Because of the Earth's axial tilt, no matter what the location of the viewer, there are only two days each year when the sun rises precisely due east. These days are the equinoxes. On all other days, depending on the time of year, the sun rises either north or south of true east (and sets north or south of true west). For all locations the sun is seen to rise north of east (and set north of west) from the Northward equinox to the Southward equinox, and rise south of east (and set south of west) from the Southward equinox to the Northward equinox.

Watch face

There is a traditional method by which an analog watch can be used to locate north and south. The Sun appears to move in the sky over a 24-hour period while the hour hand of a 12-hour clock face takes twelve hours to complete one rotation. In the northern hemisphere, if the watch is rotated so that the hour hand points toward the Sun, the point halfway between the hour hand and 12 o'clock will indicate south. For this method to work in the southern hemisphere, the 12 is pointed toward the Sun and the point halfway between the hour hand and 12 o'clock will indicate north. During daylight saving time, the same method can be employed using 1 o'clock instead of 12. The difference between local time and zone time, the equation of time, and (near the tropics) the non-uniform change of the Sun's azimuth at different times of day limit the accuracy of this method.

Sundial

A portable sundial can be used as a more accurate instrument than a watch for determining the cardinal directions. Since the design of a sundial takes account of the latitude of the observer, it can be used at any latitude. See: Sundial#Using a sundial as a compass.

Astronomy

Astronomy provides a method for finding direction at night. All the stars appear to lie on the imaginary Celestial sphere. Because of the rotation of the Earth, the Celestial Sphere appears to rotate around an axis passing through the North and South poles of the Earth. This axis intersects the Celestial Sphere at the North and South Celestial poles, which appear to the observer to lie directly above due North and South respectively on the horizon.

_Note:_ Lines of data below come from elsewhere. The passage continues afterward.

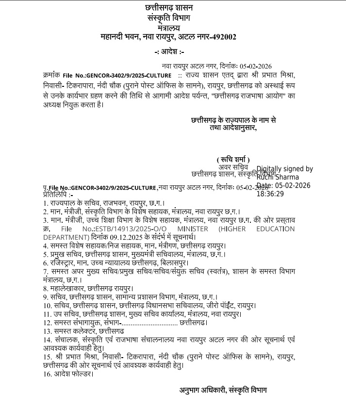 CG Rajbhasha Aayog President: लंबे समय बाद राजभाषा आयोग को मिला नया अध्यक्ष, रायपुर के प्रभात मिश्रा को मिली जिम्मेदारी, सरकार ने जारी किया आदेश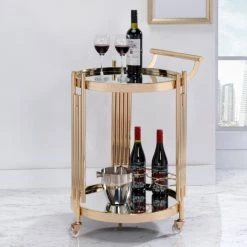 This compact bar cart with a dash of glamour has a lower mirrored shelf with wine storage and an upper mirrored surface. The caster wheels make it easy to move your bar cart exactly where you need it.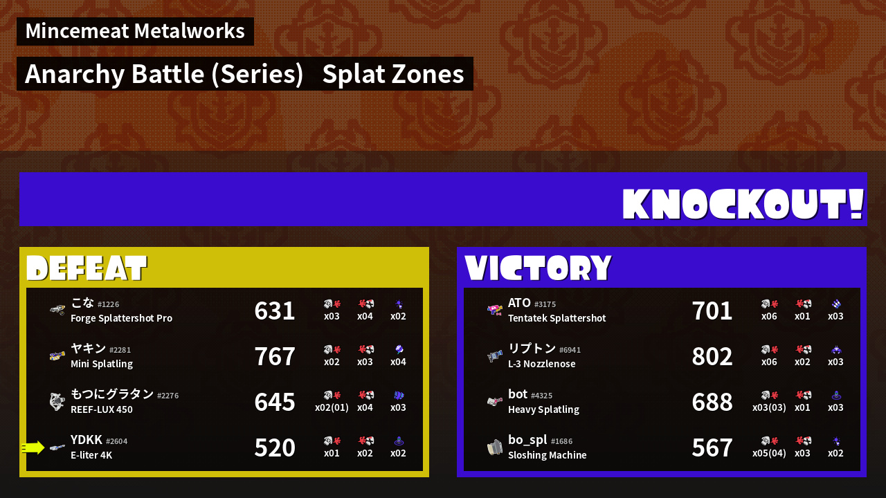 Name | Weapon | Inked | ![]() |

In either hemisphere, observations of the night sky show that the visible stars appear to be moving in circular paths, caused by the rotation of the Earth. This is best seen in a long exposure photograph, which is obtained by locking the shutter open for most of the intensely dark part of a moonless night. The resulting photograph reveals a multitude of concentric arcs (portions of perfect circles) from which the exact center can be readily derived, and which corresponds to the Celestial pole, which lies directly above the position of the true pole (North or South) on the horizon. A published photograph exposed for nearly 8 hours demonstrates this effect.

The Northern Celestial pole is currently (but not permanently) within a fraction of 1 degree of the bright star Polaris. The exact position of the pole changes over thousands of years because of the precession of the equinoxes. Polaris is also known as the North Star, and is generically called a pole star or lodestar. Polaris is only visible during fair weather at night to inhabitants of the Northern Hemisphere. The asterism "Big Dipper" may be used to find Polaris. The 2 corner stars of the "pan" (those opposite from the handle) point above the top of the "pan" to Polaris.

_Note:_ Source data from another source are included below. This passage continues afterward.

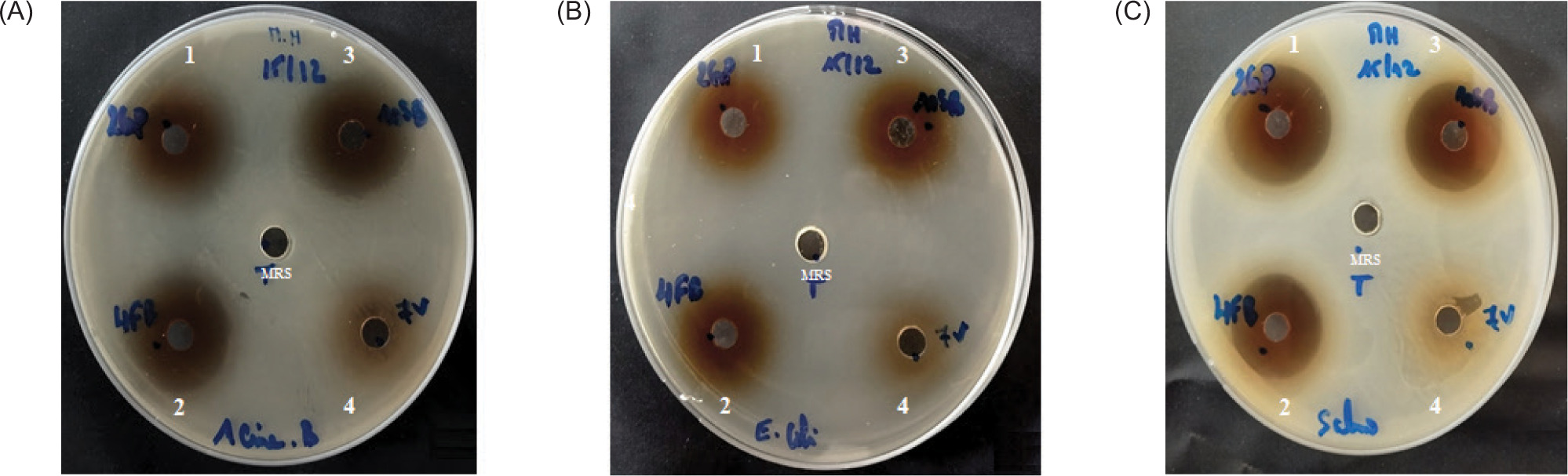 Antagonistic activity of LAB strains against Acinetobacter baumannii A144 (a), Escherichia coli 311 (b), and Salmonella typhimurium (c). Numbers for the LAB strain supernatants; 1: Lp. plantarum 2GP, 2: Lp. plantarum 4FB; 3: Lp. plantarum 10SB; and 4: nonactive LAB 7V. In the middle of the petri dish, the MRS broth was used as a control.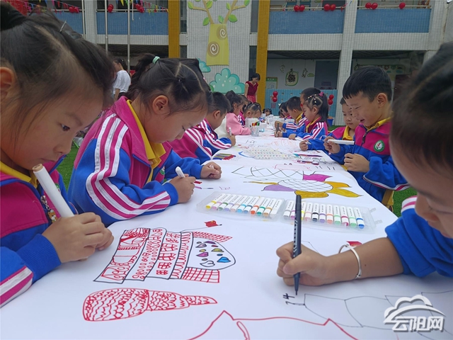 活動當天,幼兒園舉行了升旗儀式,伴隨著《義勇軍進行曲》故幼全體師生隊列整齊,行注目禮,小朋友們稚嫩的眼神中全是對祖國媽媽濃濃的愛意與敬意。為表達敬愛之情,孩子們為祖國獻上了愛國詩歌朗誦《少年中國說》、《歌唱祖國》紅歌大合唱、“童心向黨,喜迎國慶”百米畫卷,孩子們手握畫筆在百米長卷上揮灑潑墨,埋頭作畫,畫出的是一幅幅色彩斑斕、童趣盎然的圖畫,傾注的是孩子們對祖國媽媽無盡的愛意。
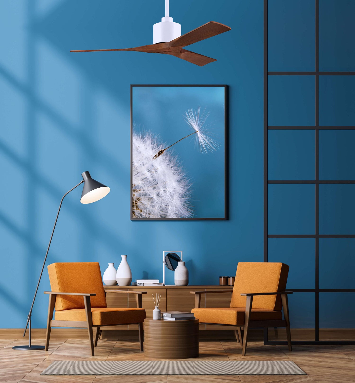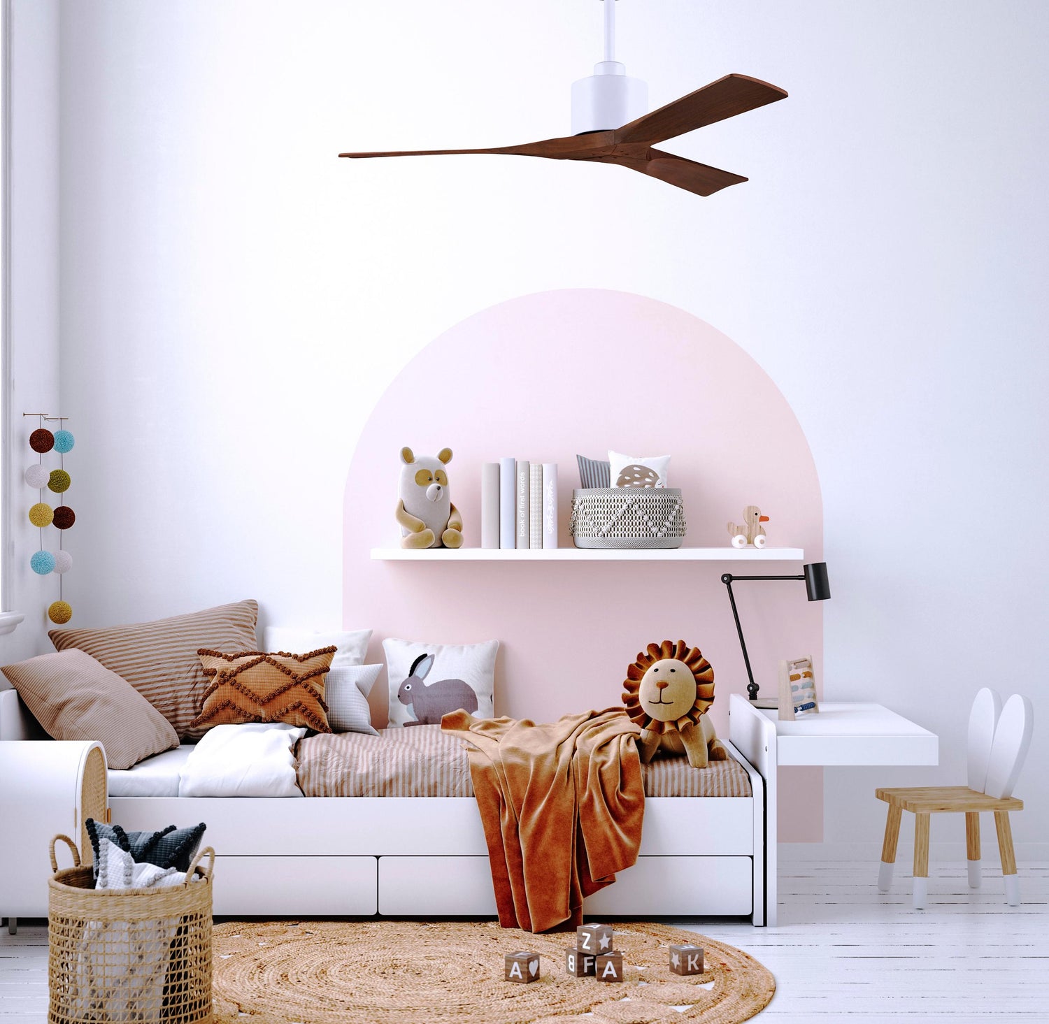 Matthews Fan NK-MWH-WA-52 Nan 6-speed ceiling fan in Matte White finish with 52” solid walnut tone wood blades

While observers in the Northern hemisphere can use the star Polaris to determine the Northern celestial pole, the Octans constellation's South Star is hardly visible enough to use for navigation. For this reason, the preferred alternative is to use the constellation Crux (The Southern Cross). The southern celestial pole lies at the intersection of (a) the line along the long axis of crux (i.e. through Alpha Crucis and Gamma Crucis) and (b) a line perpendicularly bisecting the line joining the "Pointers" (Alpha Centauri and Beta Centauri).

Gyrocompass

At the very end of the 19th century, in response to the development of battleships with large traversable guns that affected magnetic compasses, and possibly to avoid the need to wait for fair weather at night to precisely verify one's alignment with true north, the gyrocompass was developed for shipboard use. Since it finds true, rather than magnetic, north, it is immune to interference by local or shipboard magnetic fields. Its major disadvantage is that it depends on technology that many individuals might find too expensive to justify outside the context of a large commercial or military operation. It also requires a continuous power supply for its motors, and that it be allowed to sit in one location for a period of time while it properly aligns itself.

Satellite navigation

Near the end of the 20th century, the advent of satellite-based Global Positioning Systems (GPS) provided yet another means for any individual to determine true north accurately. While GPS Receivers (GPSRs) function best with a clear view of the entire sky, they function day or night, and in all but the most severe weather. The government agencies responsible for the satellites continuously monitor and adjust them to maintain their accurate alignment with the Earth. There are consumer versions of the receivers that are attractively priced. Since there are no periodic access fees, or other licensing charges, they have become widely used. GPSR functionality is becoming more commonly added to other consumer devices such as mobile phones. Handheld GPSRs have modest power requirements, can be shut down as needed, and recalibrate within a couple of minutes of being restarted. In contrast with the gyrocompass which is most accurate when stationary, the GPS receiver, if it has only one antenna, must be moving, typically at more than 0.1 mph (0.2 km/h), to correctly display compass directions. On ships and aircraft, GPS receivers are often equipped with two or more antennas, separately attached to the vehicle. The exact latitudes and longitudes of the antennas are determined, which allows the cardinal directions to be calculated relative to the structure of the vehicle. Within these limitations GPSRs are considered both accurate and reliable. The GPSR has thus become the fastest and most convenient way to obtain a verifiable alignment with the cardinal directions.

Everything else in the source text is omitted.